There are multiple ways to authenticate to a Kubernetes Cluster. This Demo will use three different ways:
- From inside a Pod using the provided service account credentials
- From the outside using credentials of a newly defined service account
- From the outside via kubectl using a certificate
To try this method log in to the diagnose container using:
kubectl exec -ti deploy/diagnose -- sh
Every pod in kubernetes will get service account credentials injected at a well-known location which is /var/run/secrets/kubernetes.io/serviceaccount/
. When you list this directory you will find a certificate, a file containing the namespace this pod runs in and a token to access the API. We export the last into an environment variable:
export TOKEN=$(cat /var/run/secrets/kubernetes.io/serviceaccount/token)

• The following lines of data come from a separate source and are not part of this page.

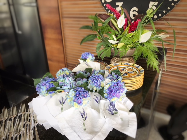 Empilhei meus pratos coloridos LUIZ SALVADOR  e coloquei um monte de guardanapos lado a lado. Montei um arranjo bem tropical com flores e folhagens daqui de casa mesmo.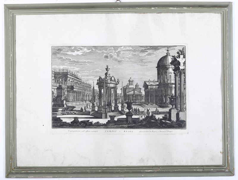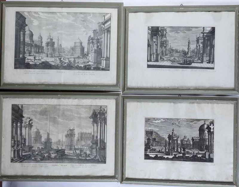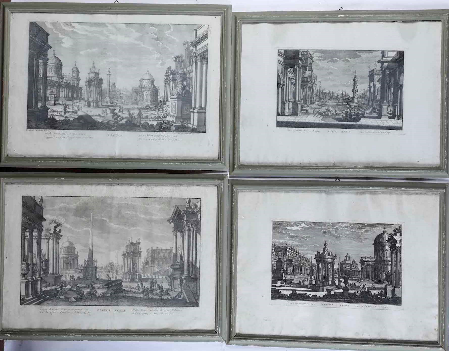 Nove stampe da Bibbiena con vedute di città e paesaggi, XVIII secolo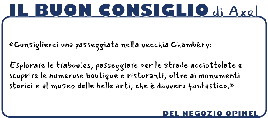 Nell'elegante Rue Croix-d'Or, fra le stradine acciottolate di Chambéry, troverai lo store ufficiale di Opinel. È qui, a due passi da Place Saint-Léger, che ti diamo il benvenuto in uno spazio semplice e accogliente.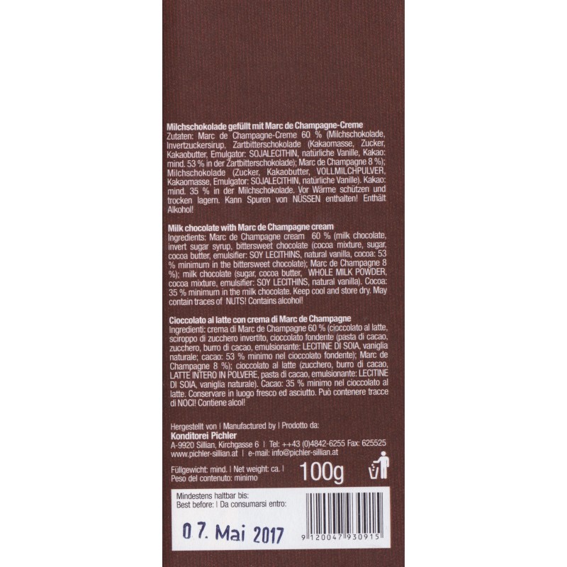 Zutaten: Marc de Champagne-Creme 60 % (Milchschokolade, Invertzuckersirup, Zartbitterschokolade (Kakaomasse, Zucker, Kakaobutter, Emulgator: SOJALECITHIN, natürliche Vanille, Kakao: mind. 53 % in der Zartbitterschokolade); Marc de Champagne 8 %); Milchschokolade (Zucker, Kakaobutter, VOLLMILCHPULVER, Kakaomasse, Emulgator: SOJALECITHIN, natürliche Vanille). Kakao: mind. 35 % in der Milchschokolade.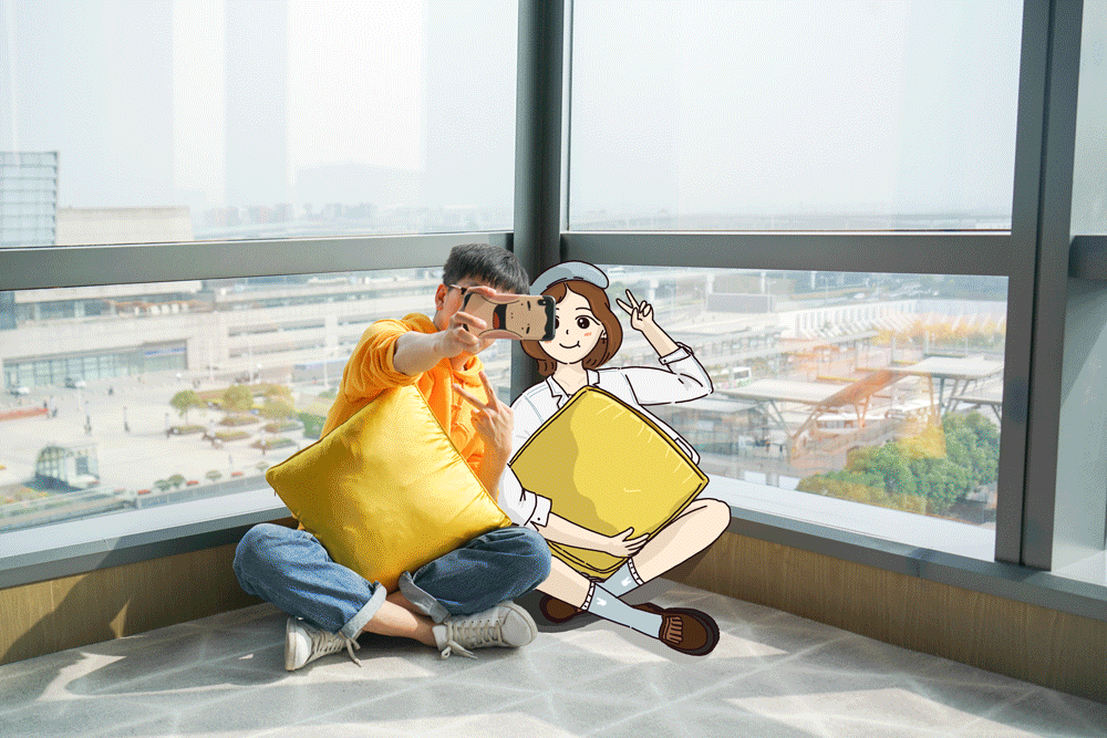 Luego hablamos de las habitaciones del hotel, cada una de ellas está equipada con una ventana de pared entera, y esta vez la habitación en la que se alojó incluso tenía dos ventanas de piso a terraza. En el momento en que entré en la puerta, las cortinas se abrieron automáticamente, y la ventana estaba frente a la estación de tren de Hongqiao.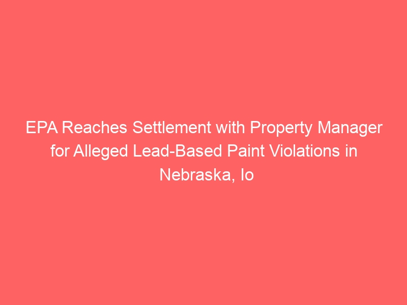 EPA Reaches Settlement with Property Manager for Alleged Lead-Based Paint Violations in Nebraska, Iowa and Missouri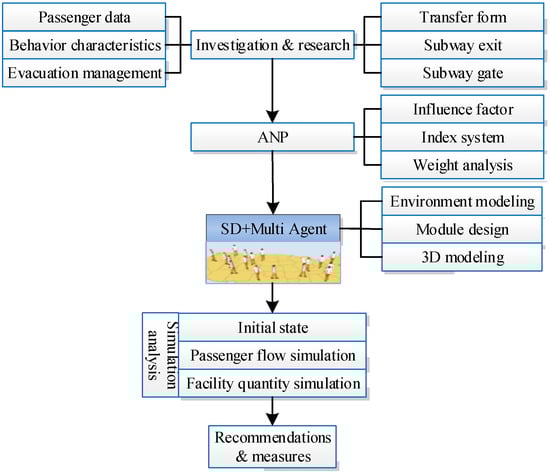 The pedestrian evacuation factors in the subway were analyzed using ANP (analysis network process, a decision-making method that adapts to the hierarchical structure of non-independence) [25,26,27]. The environmental facilities of the station, pedestrian factors, and evacuation management were analyzed to identify the factors that influence subway evacuation. Then, an influencing factor system was developed to calculate the weights of the influencing factors. The research process is shown in Figure 2.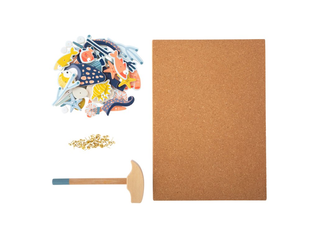 Hra pro všechny, kdo se nebojí sestoupit pod hladinu. Tvořte pomocí kladívka a hřebíčků rozmanité scény života v mořích. Dílky různých tvarů a sytých barev upoutají pozornost a podnítí fantazii dětí. Jejich upevňováním na korkovou desku pomocí kladívka mohou děti rozvíjet svou zručnost, jemnou motoriku i koordinaci rukou a zraku. Pro opakované použití a delší životnost jsou dílky opatřeny vrstvou odolného laminátu. Hřebíčky jsou přizpůsobeny neobratným dětským ručkám a opatřeny velkými hlavičkami, aby bylo snadné je trefit kladívkem, nebo scénu rozebrat. Hlavní vlastnosti:deska, dílky s potiskem, kladívko a hřebíčkyodolné provedení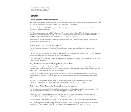 Cost-effective PoE Support: With half of the ports capable of supporting PoE, these switches are ideal for the most cost-efficient environments.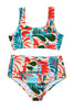 This two piece swimsuit features a bright tropical print, translated from a one-of-a-kind painting by acclaimed surf artist, Andy Davis.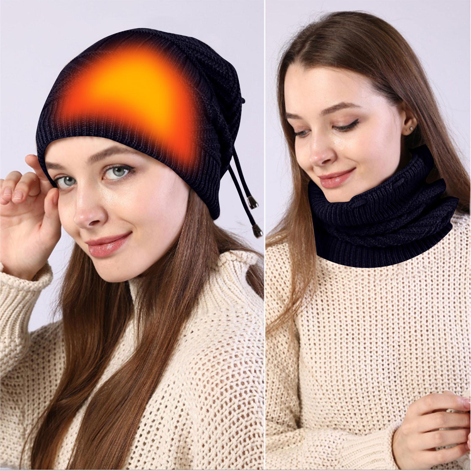 USB Электрический Нагрев Нагревательная Шапка Уличная Вязаная Шапка Двойного назначения И Зимняя Шапка Снуд One Size тёмно-синий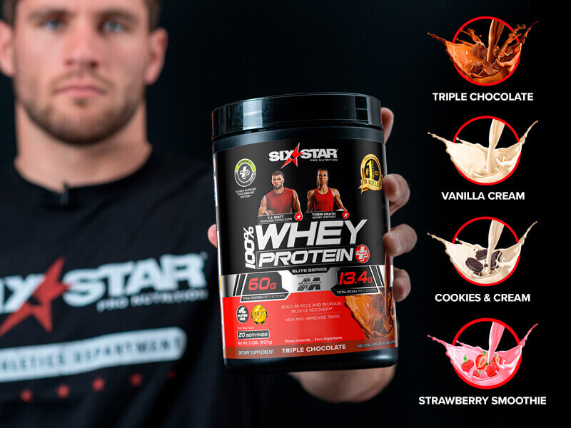 Six Star 100% Whey Protein Plus is the best choice to help support recovery, deliver immune system support, and fuel training. Packed with scientifically researched key ingredients that build more muscle and increase strength, this formula has 60g of protein per 2 scoops and a clinically studied dose of NordicCherry®, which was shown to increase muscle recovery and help maintain muscle function and strength. The pros trust us for the superior muscle and strength building nutrition they need to keep killing the grind. This potent formula features 100% whey protein with BCAAs for amplified muscle performance and recovery.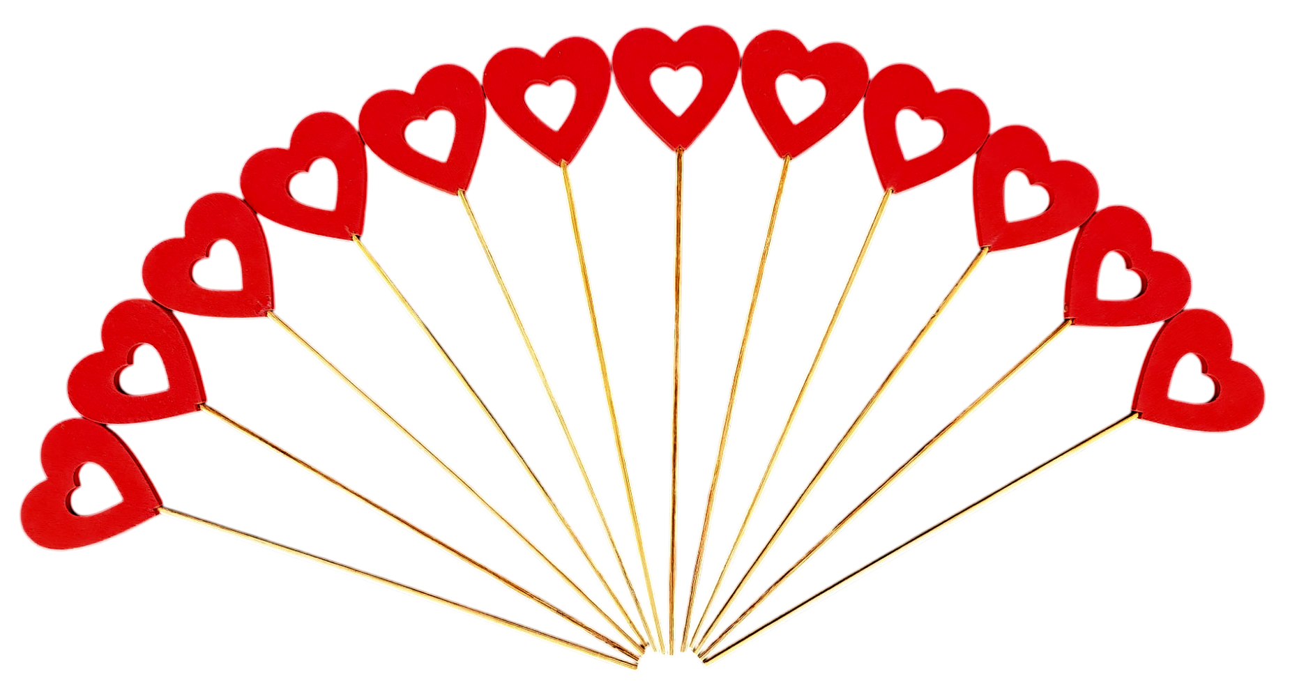 Dekoracja w kształcie serca na patyku – czerwona | 5 × 5 cm (24 cm z patykiem) | zestaw 12 sztuk
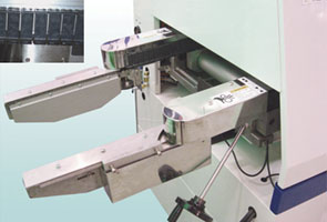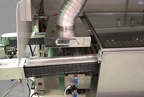 The chain-driven, pin-type inlet conveyor (included as standard) adjusts in unison with the finger
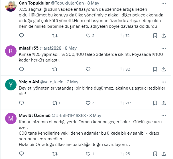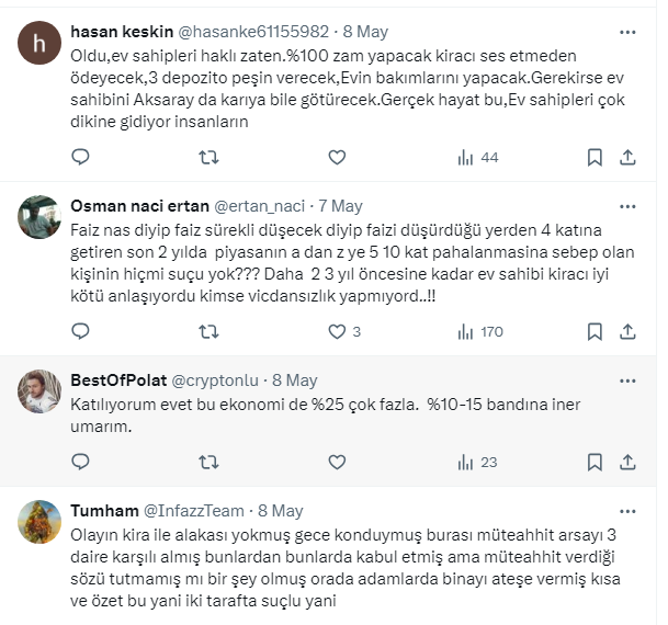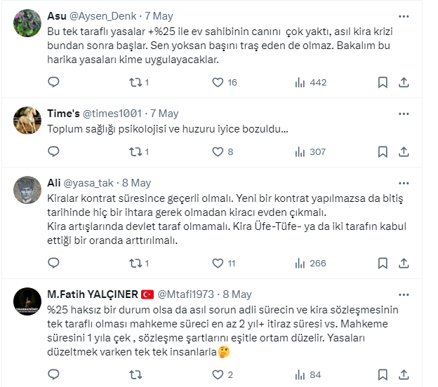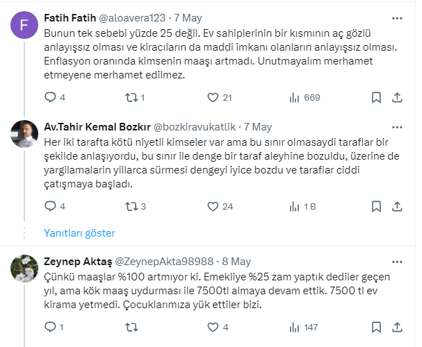 Konut krizinden çok yargının kötü işleyişinin kötüye kullanılmasına döndü iş. Bizzat takip ettiğim birçok davada, davalı kiracı 25 artış yaparken, kendi evini yüksek miktarda kiraya vermiş durumda. Bu kötüye kullanımların da göz önüne alınması gerekmiyor mu sizce?

Now the API can be accessed with curl like this:
curl --cacert /var/run/secrets/kubernetes.io/serviceaccount/ca.crt \
--header "Authorization: Bearer ${TOKEN}" \
https://${KUBERNETES_SERVICE_HOST}:${KUBERNETES_SERVICE_PORT_HTTPS}/api/
With the argument "--cacert" curl gets will be able to validate the https certificate. The header contains the token and is used to identify to the API Server. The Url contains a few more environment variables (KUBERNETES_SERVICE_HOST and KUBERNETES_SERVICE_PORT_HTTPS). These contain the relevant adress of the API server inside the cluster and will also be injected into containers.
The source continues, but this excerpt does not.